Real estate investment in Portugal is growing, and its forecasts are even more optimistic. Having assisted and represented several investors over the past few months, it's safe to admit that much of real estate's investment focus has been around everything that involves the international client. In other words, from students looking to study in Portugal, to digital nomads, or even simply people who choose Portugal as their “office” - as their professions allow them to work wherever they are.

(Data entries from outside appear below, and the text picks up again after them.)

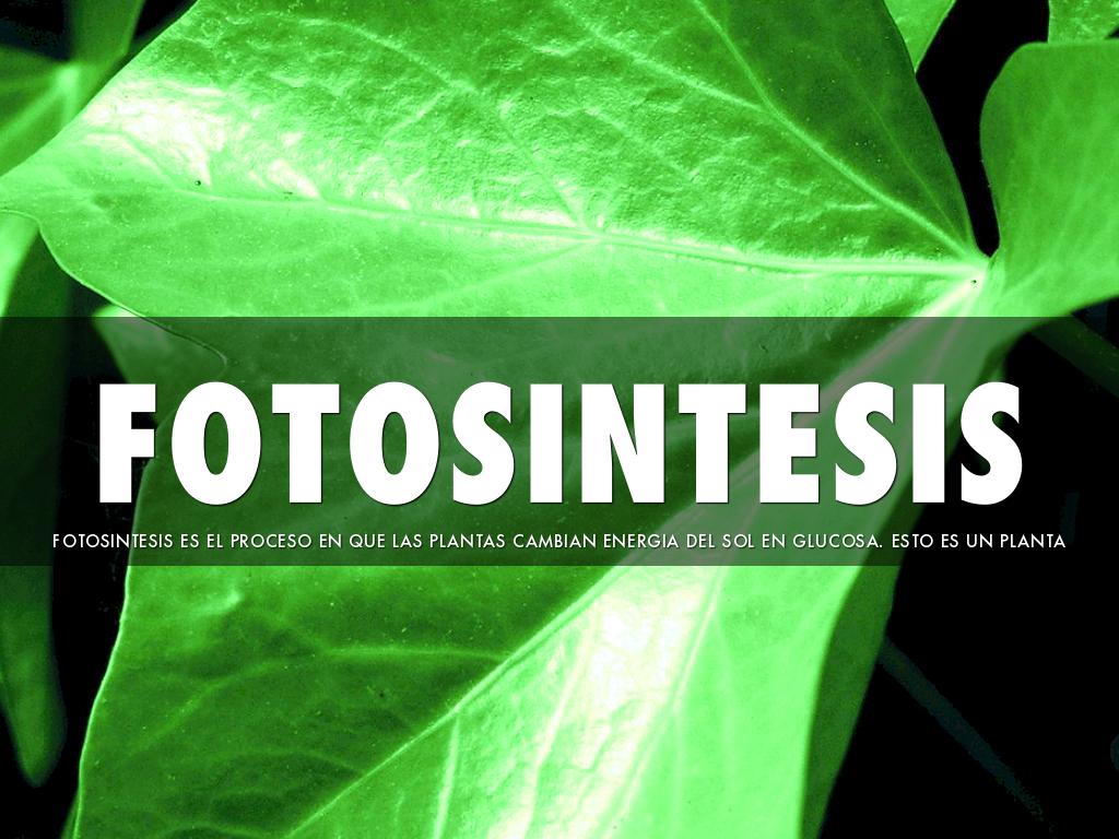 FOTOSINTESIS ES EL PROCESO EN QUE LAS PLANTAS CAMBIAN ENERGIA DEL SOL EN GLUCOSA. ESTO ES UN PLANTA
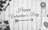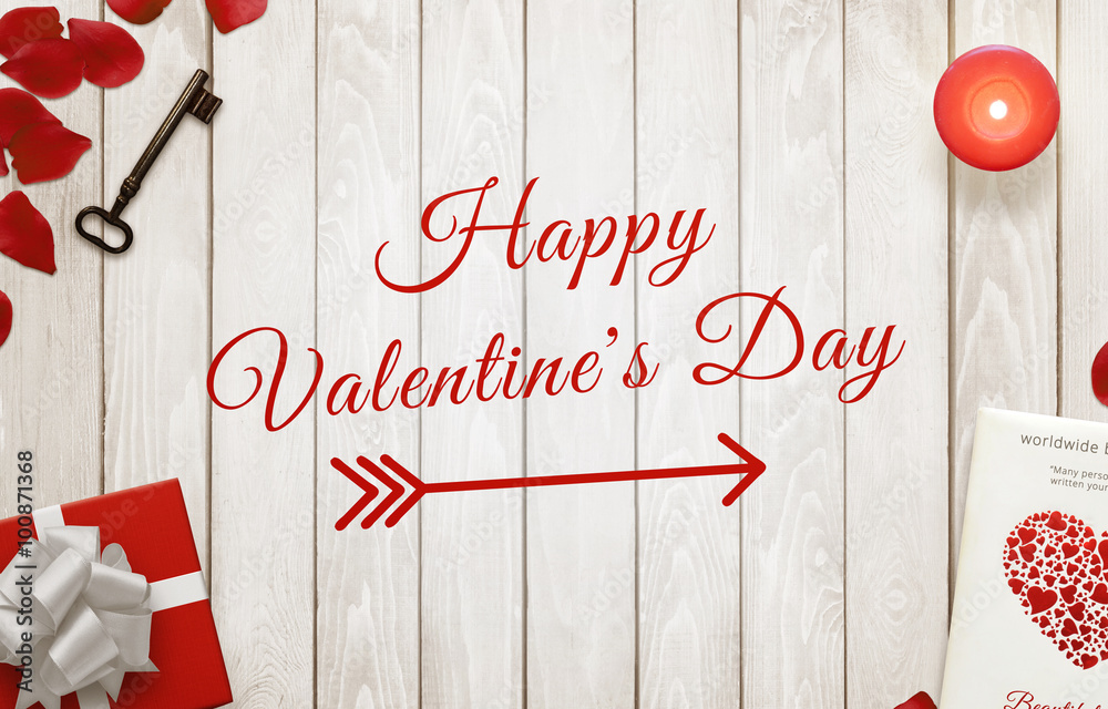 Valentines day romantic background with gift, candle, book, petals, key on wooden table.
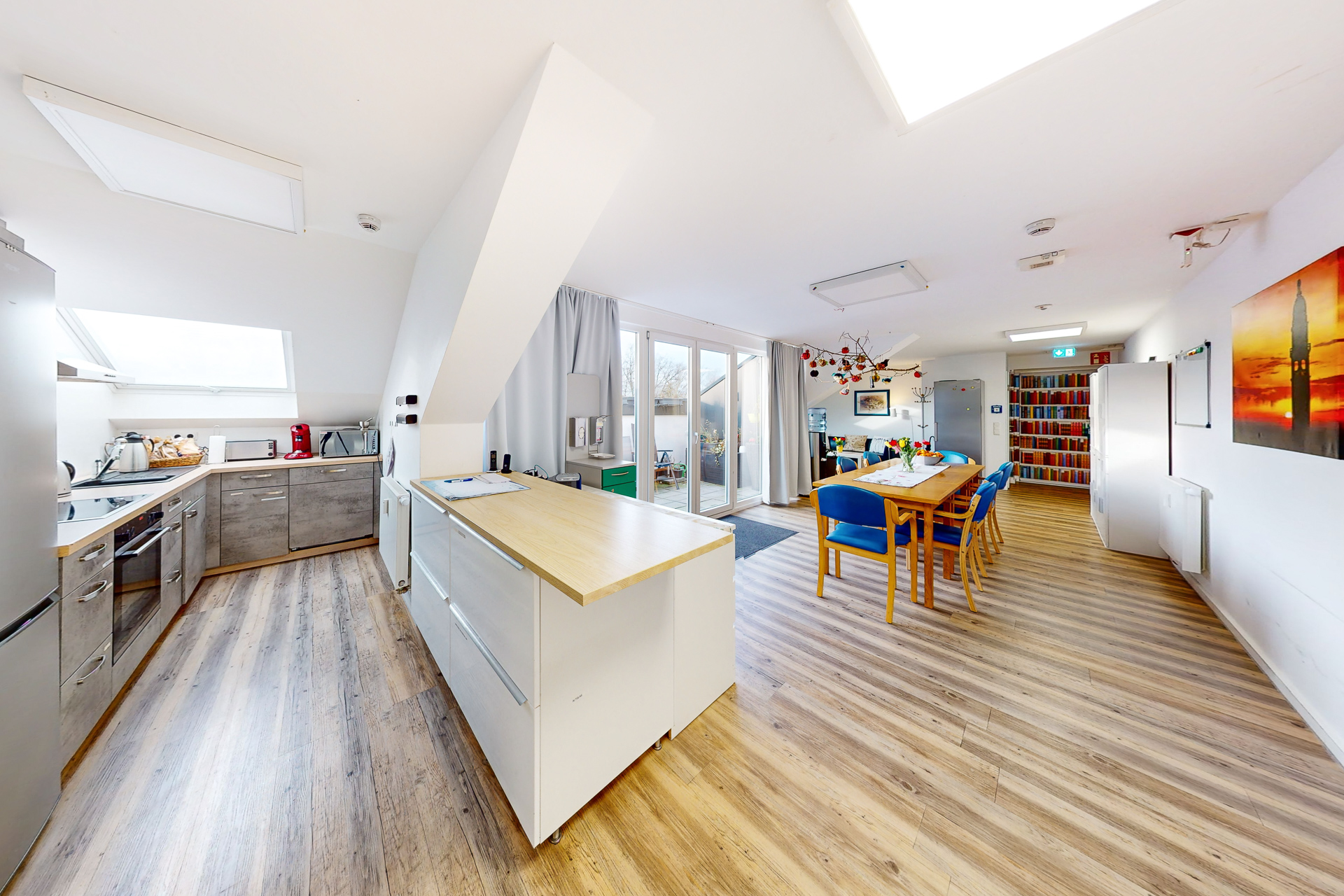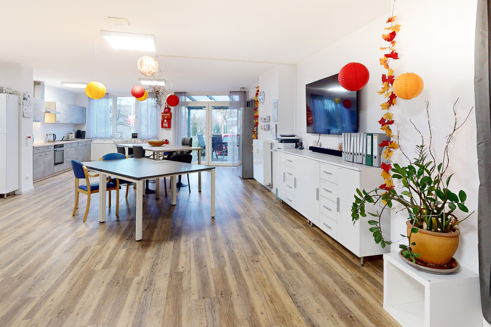 Der zentrale Gemeinschaftsraum ist das lebendige Herz der Wohngemeinschaft – ein Ort, an dem Zusammenhalt und Freude am Leben spürbar werden. Hier wird der Alltag aktiv und gemeinsam gestaltet: Ob beim Spielen, kreativen Gestalten oder gemeinsamen Kochen – jede Aktivität bringt Abwechslung und Momente des Glücks. Besonders zauberhaft sind die Augenblicke, in denen wir zusammen musizieren, Bewegungsübungen machen oder festliche Anlässe wie Geburtstage oder Weihnachten feiern. Jeder Tag wird durch das Miteinander bereichert und gewinnt so eine ganz eigene Bedeutung.
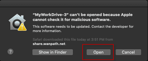 If you are installing MyWorkDrive on Mojave (10.14) or Catalina (10.15), you may receive a warning about Apple being unable to check for malicious software, preventing the software from being run. Earlier versions of MyWorkDrive were not notarized with Apple, and preview builds may also not be notarized. To confirm running the software, you must authorize it through Security & Privacy in System Settings. You will only need to complete this process the first time you run this version of MyWorkDrive. If you receive this message.
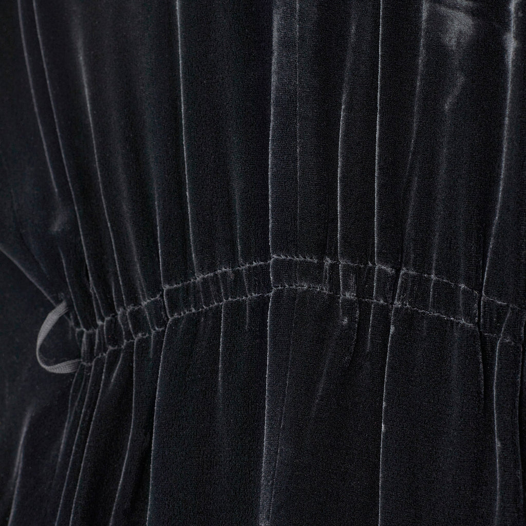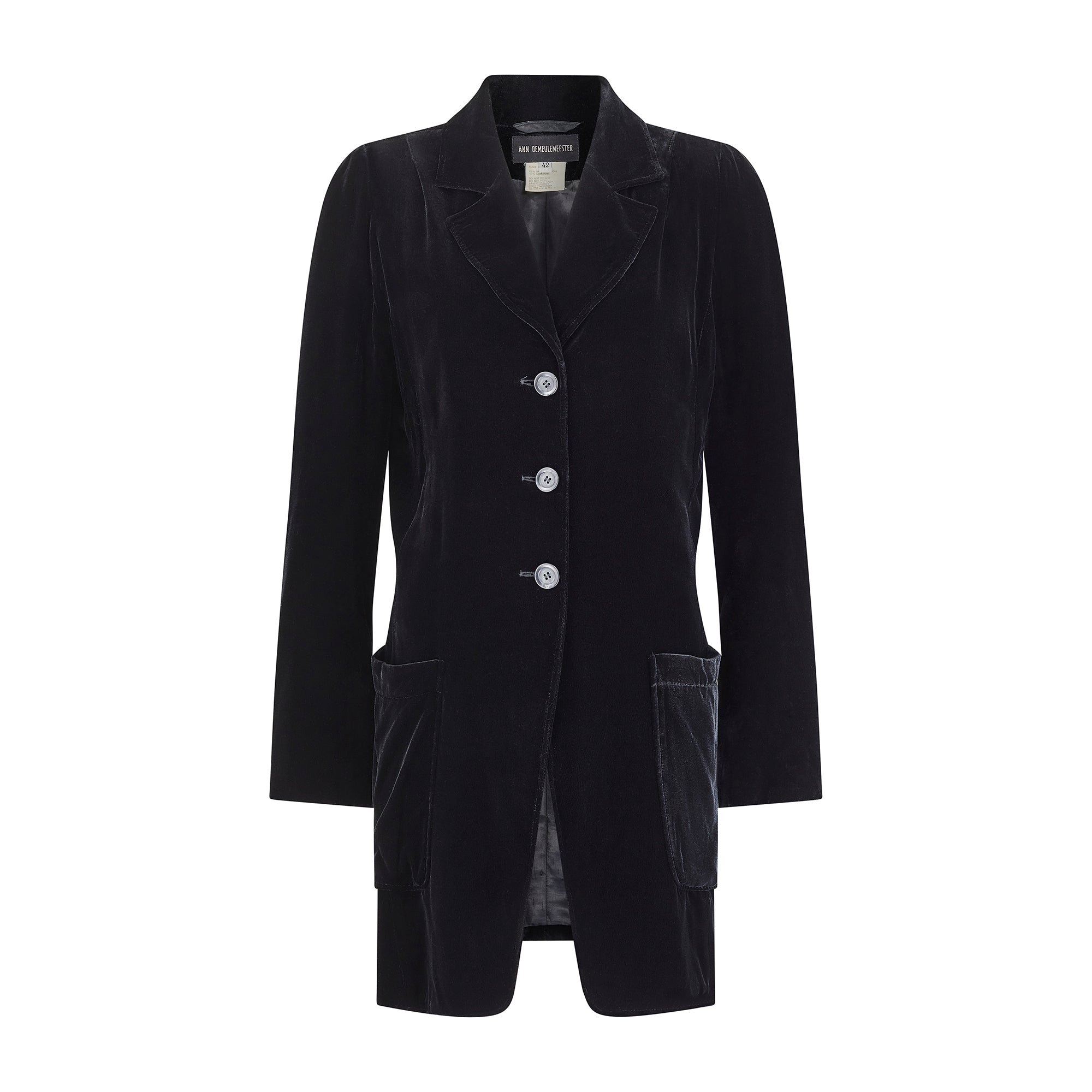 This early 1990s soft silk-velvet jacket hints at the minimalist, gothic style that Demeulemeester became known for. Tailored to a long-line silhouette, it is single-breasted and is secured with three grey-black plastic buttons. It is only softly structured, with relaxed loose sleeves and a laid-back, slim body. There are two patch pockets at the hips. At the back, the waist is pulled in and ruched to create a slightly more feminine shape. This jacket is fully lined with black satin.
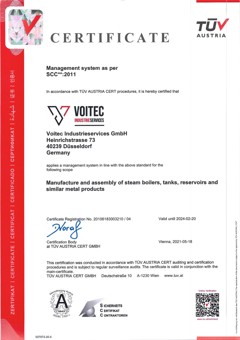 We have all relevant safety certificates. Besides of SCC** and OHSAS 18001 certificate, Voitec Industrieservices owns licenses and certificate for construction and welding technique.
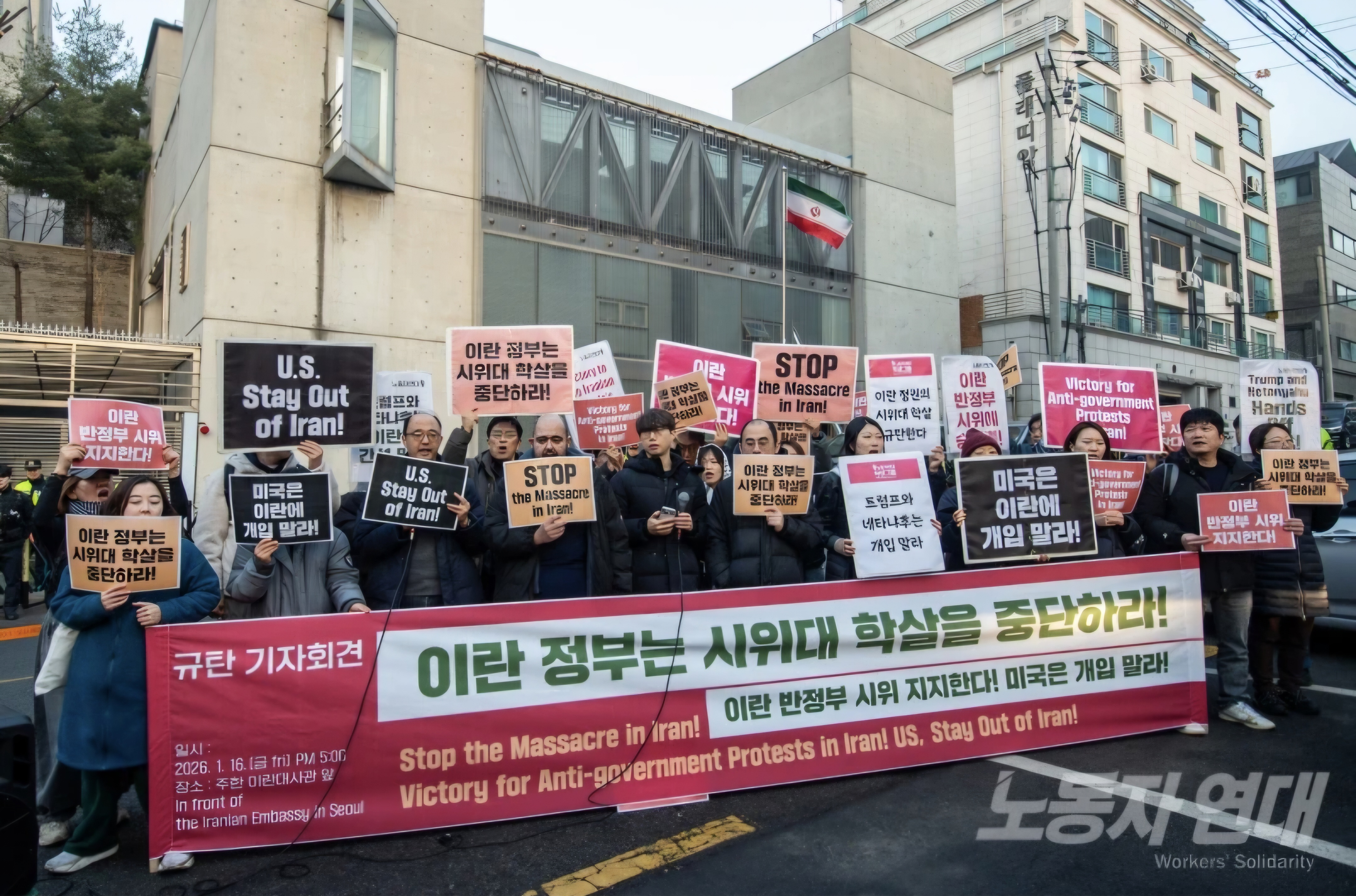 노동자연대는 1월 16일 이란 사태에 대해서도 민중시위를 지지하며 이란 당국이 이를 탄압하고 있다며 이란 한국대사관 앞에서 항의 시위를 개최하기도 했다.
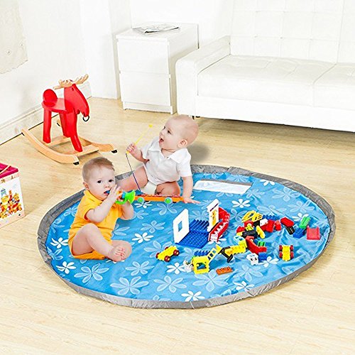 Domonおもちゃ片付ける収納袋 子供プレイマット 直径150㎜(ブルー)
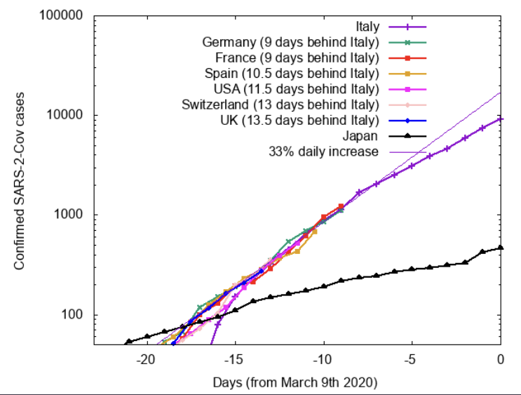Grafika prikazuje, da je sistem v ostalih državah glede stopnjevanja primerov okuženih dokaj podoben: sprva zgolj nekaj okuženih, ljudje situacije in opozoril ne jemljejo resno… nakar število okuženih hitro esklaira in postane neobvladljivo. Številne države imajo stopnjo dnevnega naraščanja okuženih z Covid-19 podobno kot Italija, in sicer 33 %. Glede na omenjeno in število dni zaostanka za Italijo (glede na prvo okužbo) lahko v prihodnjih dneh in tednih pričakujemo izredno stanje in karanteno tudi v drugih evropskih državah. Glede na primerjave bi lahko karanteno v Sloveniji pričakovali že sredi naslednjega tedna.
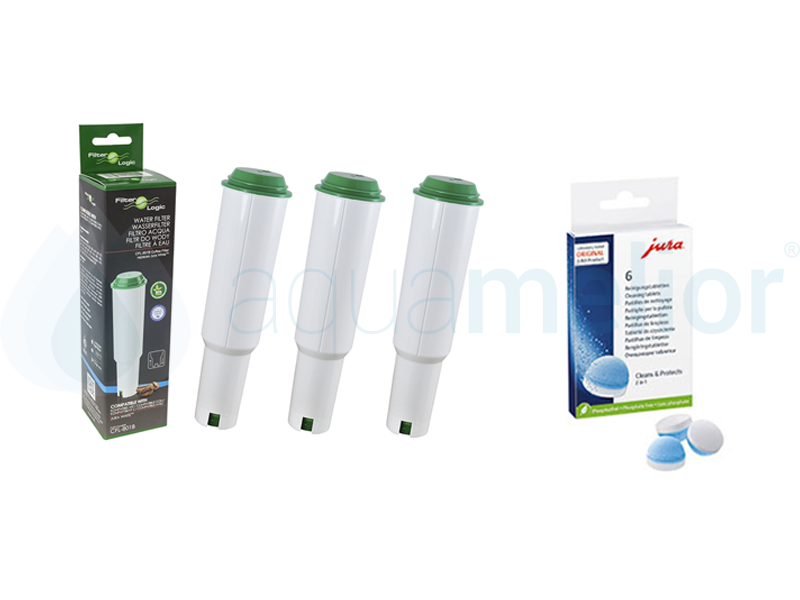 3x Filter Logic CFL-801B Filtr do ekspresu ciśnieniowego Jura Claris White + Jura 62715 Tabletki czyszczące 6 sztuk
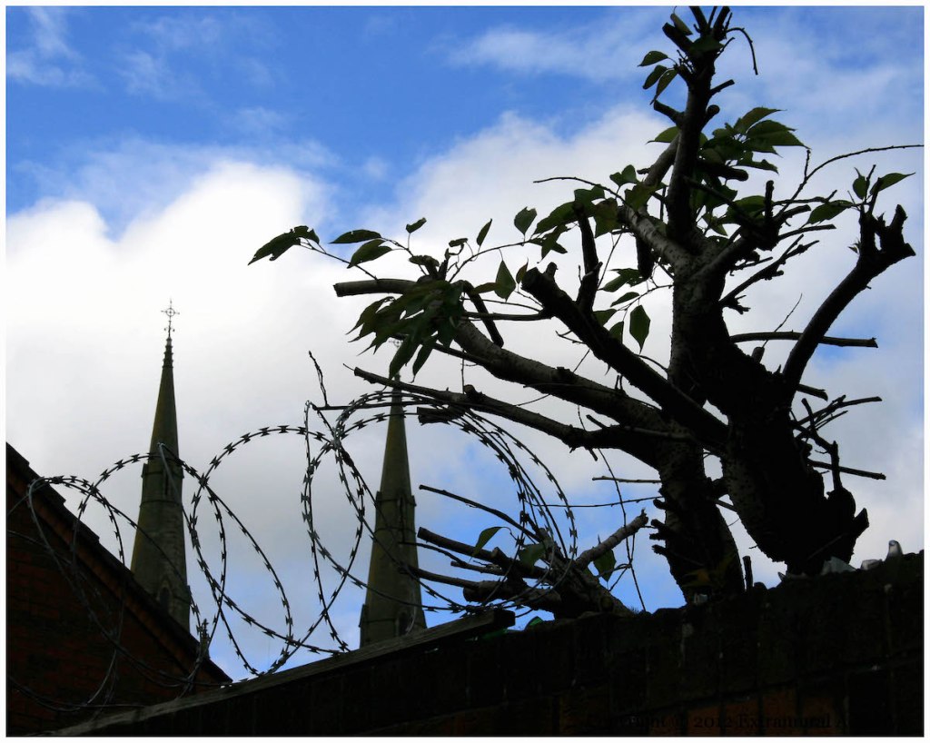 Spires & Wire 2012-10-202024-12-16Extramural Activity The spires of St. Peter’s through the barbed wire on a wall in Milford Street, off the Falls Road. See previously: Cross And Wire. Click image to enlargeCopyright © 2012 Seosamh Mac CoılleX00667 Rate ThisShare this: Click to email a link to a friend (Opens in new window) Email Click to share on Mastodon (Opens in new window) Mastodon Click to share on Reddit (Opens in new window) Reddit Click to share on Bluesky (Opens in new window) Bluesky Like Loading...
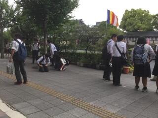 昨日の朝でしたが、体育大会の練習期間で疲れているでしょうに、挨拶運動をする生徒たちがいました。ありがとう。

As so, hotel and residential assets and all the “new” concepts in this market, such as co-living and build to rent, have shown to be spectacular opportunities to capitalize on a market that seems to have no limits when it comes to its expansion. However, we have noticed that, in addition to the fact that Portugal is becoming increasingly popular, not only in terms of destination, but also in terms of investment, we still notice some “holding back” on the part of some international players. This is something that's bound to happen, especially in a market whose popularity is, for all intents and purposes, very recent. On the other hand, we believe that it is neither fair nor correct to analyze the Portuguese track record based on a short time frame. The phenomenon of Portugal should be a special case study, and this week we tried to address this topic: people have to come here to understand what's going on.

Office buildings

Photo by Sean Pollock in Unsplash

In the course of the last year, despite the great difficulties and uncertainties of the market, we noticed that one of the trends resulting from the sudden changes felt by all sectors, the analysis of investment opportunities adopted an even more pragmatic and number-focused approach. This would always be something to be expected to happen, since no one could have prepared for such event. As so, we started hearing things like: “At this moment we are in a holding strategy, closely monitoring how the market is behaving and what the previews are in short, medium and long term”. What no one could have predicted was the sheer speed and intensity of the market bounce-back after vaccination programs had reached advanced stages, providing a much faster, and overall, more predictable, return to normality - compared to the rest of the world.

Residential buildings

Photo by Grant Lemons in Unsplash

We were chatting with GRI's Senior Director - Thiago Alves, who paid us a visit in our office, where we could exchange some behind-the-scenes impressions of the market. Simply put, the return of interest in investment in Portugal is back on the rise, and with it comes pressure from investment funds to allocate capital and comply with their proposed guidelines until the end of the last quarter of the year. In other words, we are talking about 30 new hotels that will open by the end of the year, as well as office buildings with post-pandemic workplace concepts, residential assets and also logistics. Interestingly enough, few deals are being closed at the time of publication of this article, and the reason lies in the players' hesitation.

However, a unanimous feeling was nurtured in our conversation: when the deals start to close, it will be an unprecedented wave of investment, at lightning speed.